Lively, entertaining reviews of, and essays on, old and newer films and everything relating to them, written by professional author William Schoell.

Thursday, July 17, 2014

CIRCUMSTANTIAL EVIDENCE

Arthur Vinton and Chick Chandler
CIRCUMSTANTIAL EVIDENCE (1935). Director: Charles Lamont.

Reporter Jim Baldwin (Chick Chandler) is covering a trial where the evidence is strictly circumstantial, and is appalled when the defendant is not only convicted but given the death penalty. Baldwin feels that in cases wherein the evidence is all circumstantial, the defendant should be given a life sentence instead. Meanwhile Fred Stevens (Arthur Vinton), although having an affair with a certain married lady, asks Shirley (Adrienne Grey) to marry him, but she turns him down, accepting Jim's proposal instead. Jim decides to use this awkward situation to  prove that circumstantial cases are unreliable, and gets Fred to go along with his scheme. They will fake an argument over Shirley in front of others, and then Fred will disappear after Jim makes it look like he murdered him.

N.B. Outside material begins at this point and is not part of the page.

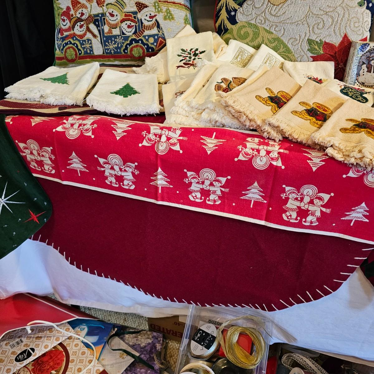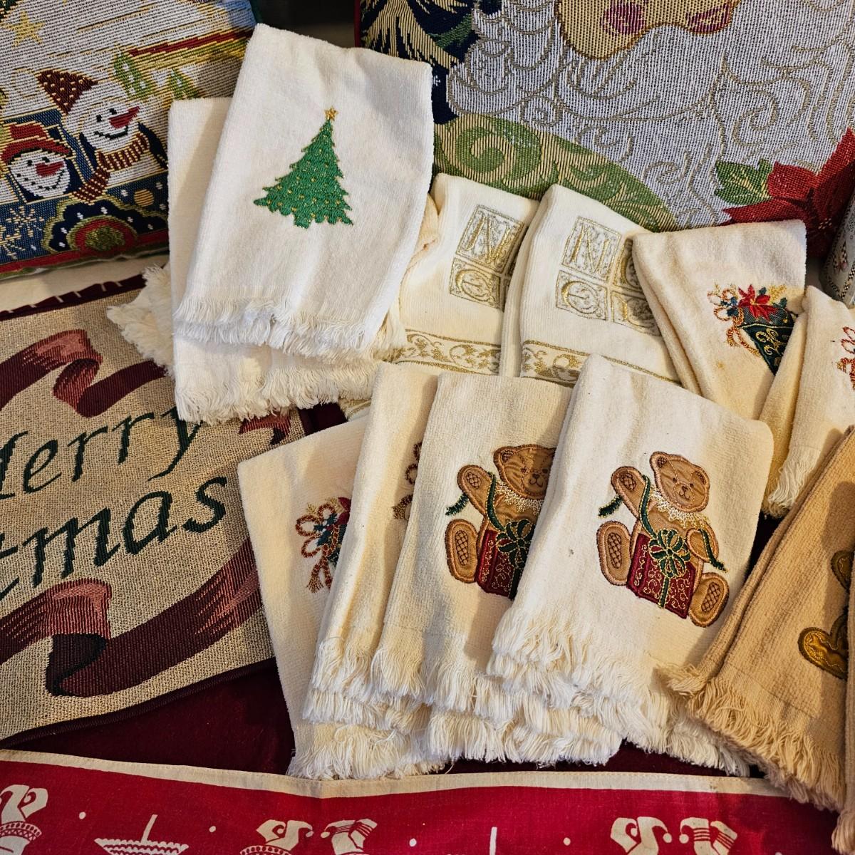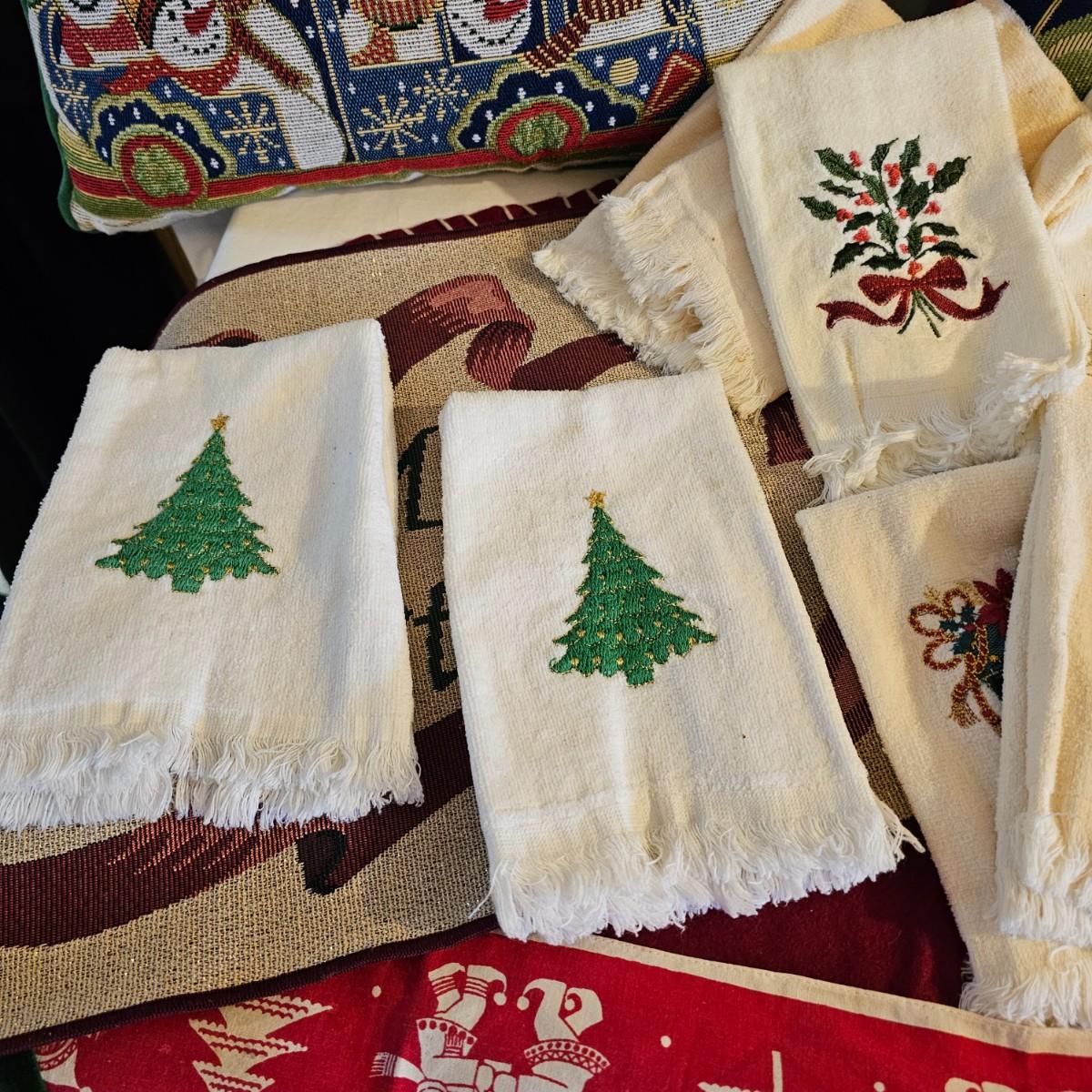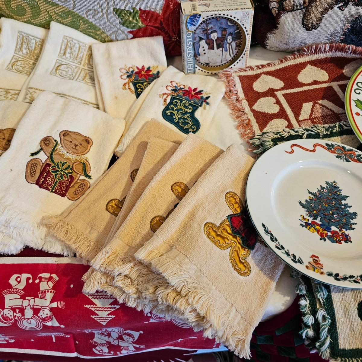 Guest towels, stockings, tablecloths, pillows and more. Several different sizes and seasons of gift bags, and lots of ribbon for wrapping. Small hand size towels with Christmas embroidery. A 36"D felt tree skirt. Three felt on burlap wall hangings, approximately 16" x 23". Three holiday themed pillows, the large Santa is 16"Sq. Some discoloring on the towels. See photos for details and inventory. Shipping available.

Fred is to come out of hiding at the last minute -- the trouble is that somebody else really murders him! Now Jim is in a pretty pickle. Circumstantial Evidence worked much better when the same plot more or less was used in the far superior Beyond a Reasonable Doubt twenty years later. Chandler [Lost Continent], more of a light comedian than a dramatic type, is okay but tends to overact at times.

Verdict: Predictable, trite, and tedious. *1/2.